MURA Technology’s first site, ReNew ELP, which turns 'unrecyclable' plastics that would usually be sent to incineration or landfill into liquid hydrocarbon products, has begun commissioning.
Based at the Wilton International industrial site in Teesside, UK, the facility uses a novel approach called Hydrothermal Plastic Recycling Solution (HydroPRS) to convert waste plastics that cannot be processed via traditional mechanical means, such as flexible films and multi-material rigids, back into the chemical and oil products they were made from. These in turn can then be used as feedstocks in the manufacture of new plastics and other materials.
Mura says the recycling process takes just 30 minutes, and it works by using supercritical water – water under high pressure and high temperature – to help break down the carbon-carbon bonds in plastic.
First, the plastic is shredded and any contaminants such as grit, glass and metal are removed. The shredded plastic mix is then melted and pressurised, before supercritical steam is applied.
The mix is further heated, and plastics are broken down into liquid hydrocarbons and gas. After the conversion, energy reclaimed from depressurisation is used to drive product separation, while the recovered process gas is reused to generate the critical steam.
The end products span a range of valuable, liquid hydrocarbon products including naphtha, distillate gas oil, and heavy gas oil which is used to make chemicals, oils, speciality plastics and wax.
Vitally, new materials made from the recycled feedstock are suitable for use in food-contact packaging material. This is currently a problem area for mechanical recycling systems whose products do not meet European Food Standard Agency requirements.
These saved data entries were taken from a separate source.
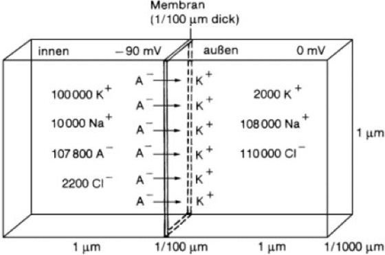 Darstellung eines sehr kleinen Membranstücks von 1 μm × 1/1000 μm Fläche und der angrenzenden intra- und extrazellulären Volumina von je 1 μm × 1 μm × 1/1000 μm Inhalt (angenommenes Membranpotential: -90 mV). Diese Membranfläche ist bei den angegebenen Ionenverteilungen von je 6 K+-Ionen und Anionen (A-) besetzt. Die Pfeile deuten die Diffusion der K+-Ionen durch die Membran aus der Zelle an.
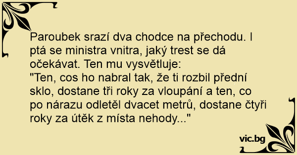 "Ten, cos hо nabral tak, že ti rozbil přední sklo, dostane tři roky za vloupání a ten, co po nárazu odletěl dvacet metrů, dostane čtyři roky za útěk z místa nehody..."
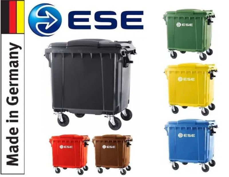 Pojemnik na odpady komunalne 1100l selektywne ESE, zgodny z normą PN-EN 840. Oznaczony znakiem jakości RAL-GZ951/1 oraz spełniający wymogi Unii Europejskiej. Wyjątkowy pojemnik niemieckiej marki ESE cechuje się wysoką jakością, trwałością i estetyką. Posiada płaską, lekką klapę oraz cztery gumowe koła z hamulcami, zapewniające wygodę użytkowania i cichą eksploatację.
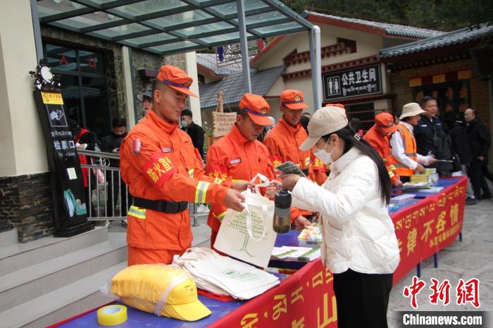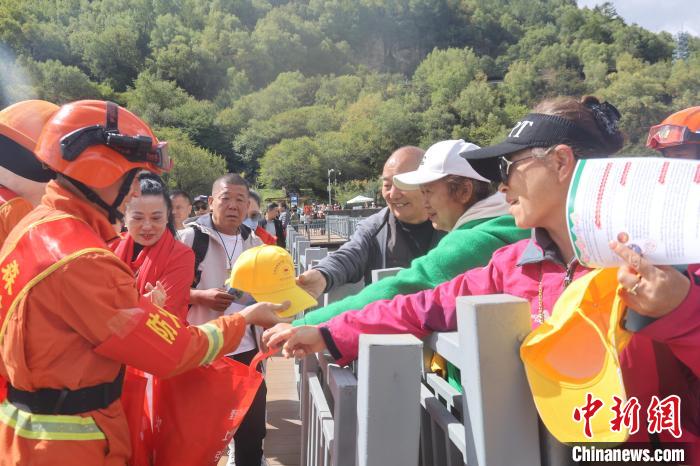 圖為(wei) 消防員正在景區入口開展防火宣傳(chuan) 。西繞拉翁 攝
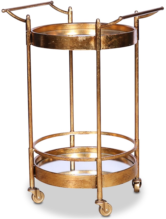 En serveringsvogn med hylle i speilglass. Utførelsen på serveringsvognen er gull.

Described as a "world-first” by Mura, the facility, which was awarded a £4.42m (US$5.5m) grant from Innovate UK, aims to process about 20,000 t/y of plastic waste, rising to 80,000 t/y when the site is fully complete. This will reduce CO2 output by an estimated 120,000 t/y compared to incineration. And, as there is no limit to the number of times the same material can be recycled, HydroPRS has the potential to significantly reduce single-use plastics and permanently increase material circularity in the plastics industry, the firm said.
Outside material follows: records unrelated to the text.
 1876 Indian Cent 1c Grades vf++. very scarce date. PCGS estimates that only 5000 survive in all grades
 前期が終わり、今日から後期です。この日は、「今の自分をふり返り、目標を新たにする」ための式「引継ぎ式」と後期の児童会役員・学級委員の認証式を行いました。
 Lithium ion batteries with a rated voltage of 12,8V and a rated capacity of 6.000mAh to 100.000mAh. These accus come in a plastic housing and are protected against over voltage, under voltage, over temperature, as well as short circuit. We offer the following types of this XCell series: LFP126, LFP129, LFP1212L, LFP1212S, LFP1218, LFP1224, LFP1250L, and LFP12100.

Mura expects to deliver the first recycled hydrocarbon products from the plant to their off-take customers in early 2024.
Steve Mahon, Mura Technology's CEO, hailed the opening of the new facility as "a ground-breaking” achievement and the culmination of four years of dedication. "Our HydroPRS process is unlocking a new market for plastic waste, creating value and keeping both plastic and carbon in circularity," he said. "The technology works alongside existing mechanical recycling to ensure no plastic types are considered ‘unrecyclable' and require incineration or landfilling."
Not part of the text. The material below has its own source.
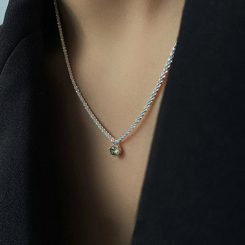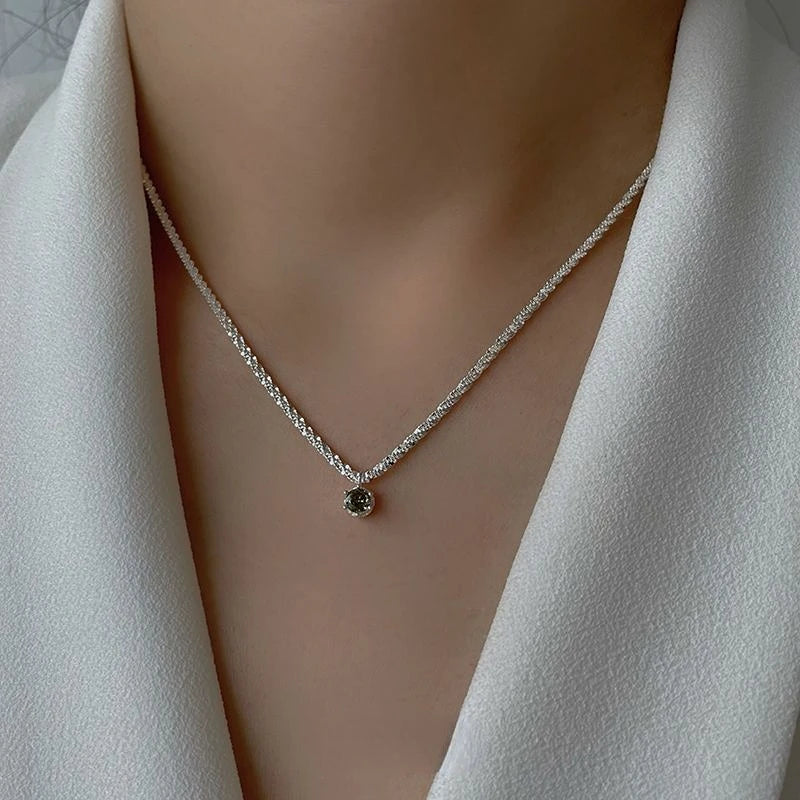 Green Zircon Sparkling 925 Silver Elegant Simple Light Luxury Clavicle Chain Necklace for Women

Along with the Teesside plant, the firm has a licencing agreement with Mitsubishi Chemical Corporation (MCC) which is developing a 20,000 t/y HydroPRS plastics recycling facility in Japan. Mura is also eyeing potential sites in the USA and Germany, as it looks to recycle one million tonnes of plastic annually by the end of the decade.
Poor plastic waste management has become such a problem globally that around eight million tonnes of it ends up in our oceans each year. To help industry make the changes needed to curb the spread of more plastic waste, trade body Plastics Europe has recently revealed a “radical plan” to completely redesign the European plastics sector.
In its report, the organisation recommends a shift towards circular practices such as recycling, biomass-based production, and carbon capture, as well as investing in joint infrastructure for hydrogen, renewable energy, and CCS. It also calls on the EU to develop an equivalent to the US Inflation Reduction Act (IRA) to support climate and low-carbon programmes.
Marco ten Bruggencate, president of Plastics Europe, said the roadmap, dubbed the Plastics Transition, is an invitation to policymakers and value chain members to collaborate and progress quicker. “We’re under no illusion about the scale and the complexity of this generational task – it’s immense,” he said. “We’ve already gone through a profound cultural shift as an industry, but the political, technological, commercial revolution which needs to take place to achieve this will really make this initiative our industry’s moonshot.”